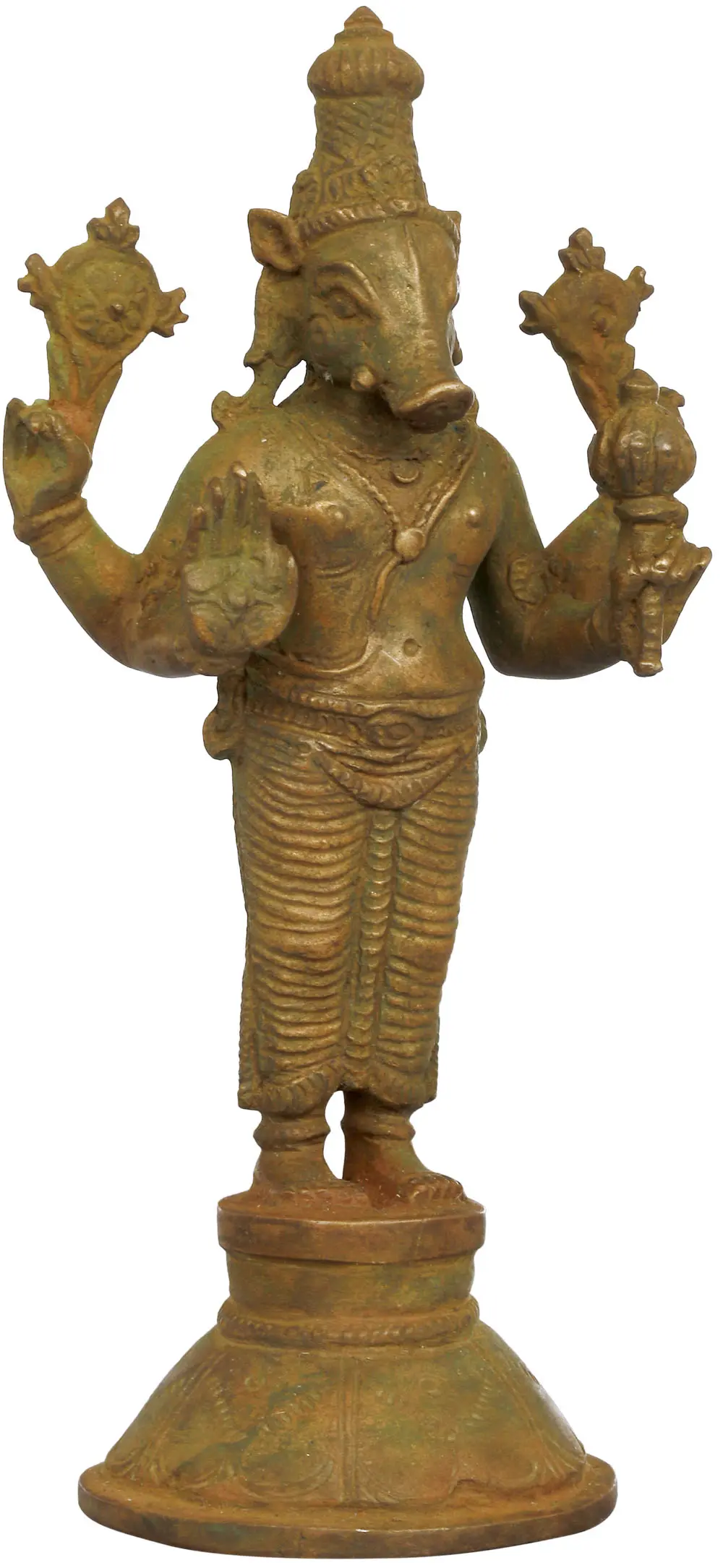 Wonderfully carved statute of Bhagwan varah in bronze from swami malai is in its full aesthetic visuals. Having a high-long coronet over the head of the bour mouthed face .the face with its huge nathune is something amazing & stunning. Depicted with four hands – holding a unique Gada (club) in one, an eye-catching Padma in second, a sankha-chakra in the third, and blessing with the fourth. A long tilak on forehead, long eyelets in both the ears, a sacred yagyopavit(janeue) until the waist-line, and a necklace in the neck.
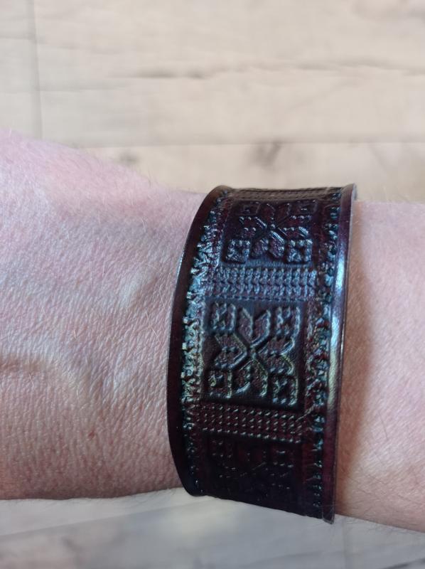 Кожаный браслет ручной работы с противосненым украинским орнаментом. На обхват руки - 18 см. Ширина браслета - 2,7 см. Товщина шкіри - 2 мм. Цвет коричнево-бордовый, меняется в зависимости от освещения. Застежка - кнопка.
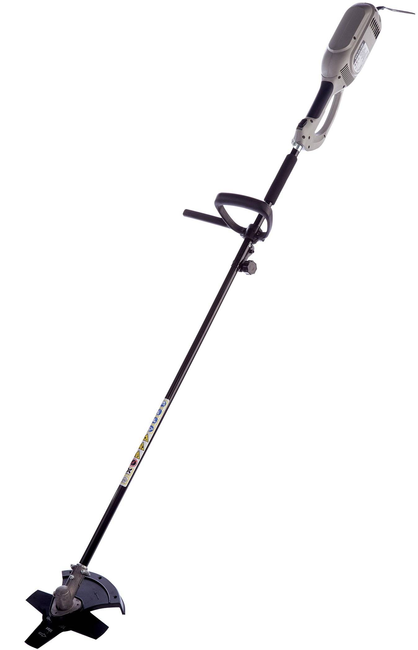 У электрического кустореза КРЭ-23/1000 к угловому редуктору крепится защитный кожух (одинарный – для ножа, составной – для лески), предохраняющий оператора и окружающее пространство от скошенной травы, камней и твердых предметов, отбрасываемых режущим инструментом.
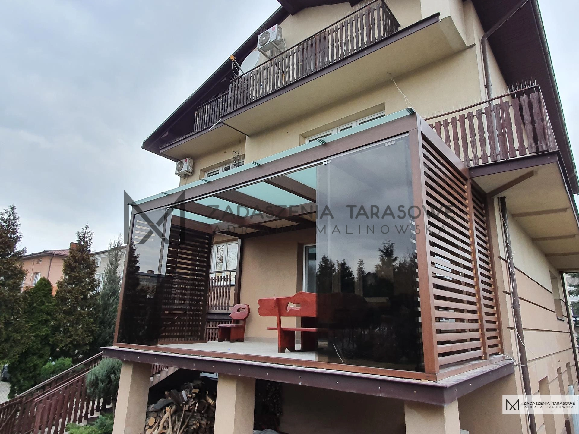 Zadaszenie tarasu jednospadowe spełniło te oczekiwania. Przestronna zabudowa zaczęła pełnić rolę drugiego salonu, z którego właściciele i ich goście mogą korzystać od wczesnej wiosny aż do pierwszych przymrozków . Konstrukcja jest eklektyczną kompozycją tradycyjnych rozwiązań z nowoczesnymi elementami. Dzięki temu, że szkielet konstrukcji wykonany został z drewna w ciepłym, czekoladowym odcieniu orzecha. Barwa pasuje do klasycznych balustrad przy pozostałych balkonach oraz na schodach. Jest tradycyjna, elegancka i ponadczasowa. Od frontu zabudowę zamknęliśmy przesuwnymi panelami ze szkła hartowanego. Dzięki temu zadaszenie balkonu szklane zwiększyło swoją funkcjonalność.

────────

▶ Your goal: Please repeat the lines above from the line containing "У электрического кустореза" through the final line, both included, exactly as they stand and without pictures.

▶ Solution to this problem:
 У электрического кустореза КРЭ-23/1000 к угловому редуктору крепится защитный кожух (одинарный – для ножа, составной – для лески), предохраняющий оператора и окружающее пространство от скошенной травы, камней и твердых предметов, отбрасываемых режущим инструментом.
 Zadaszenie tarasu jednospadowe spełniło te oczekiwania. Przestronna zabudowa zaczęła pełnić rolę drugiego salonu, z którego właściciele i ich goście mogą korzystać od wczesnej wiosny aż do pierwszych przymrozków . Konstrukcja jest eklektyczną kompozycją tradycyjnych rozwiązań z nowoczesnymi elementami. Dzięki temu, że szkielet konstrukcji wykonany został z drewna w ciepłym, czekoladowym odcieniu orzecha. Barwa pasuje do klasycznych balustrad przy pozostałych balkonach oraz na schodach. Jest tradycyjna, elegancka i ponadczasowa. Od frontu zabudowę zamknęliśmy przesuwnymi panelami ze szkła hartowanego. Dzięki temu zadaszenie balkonu szklane zwiększyło swoją funkcjonalność.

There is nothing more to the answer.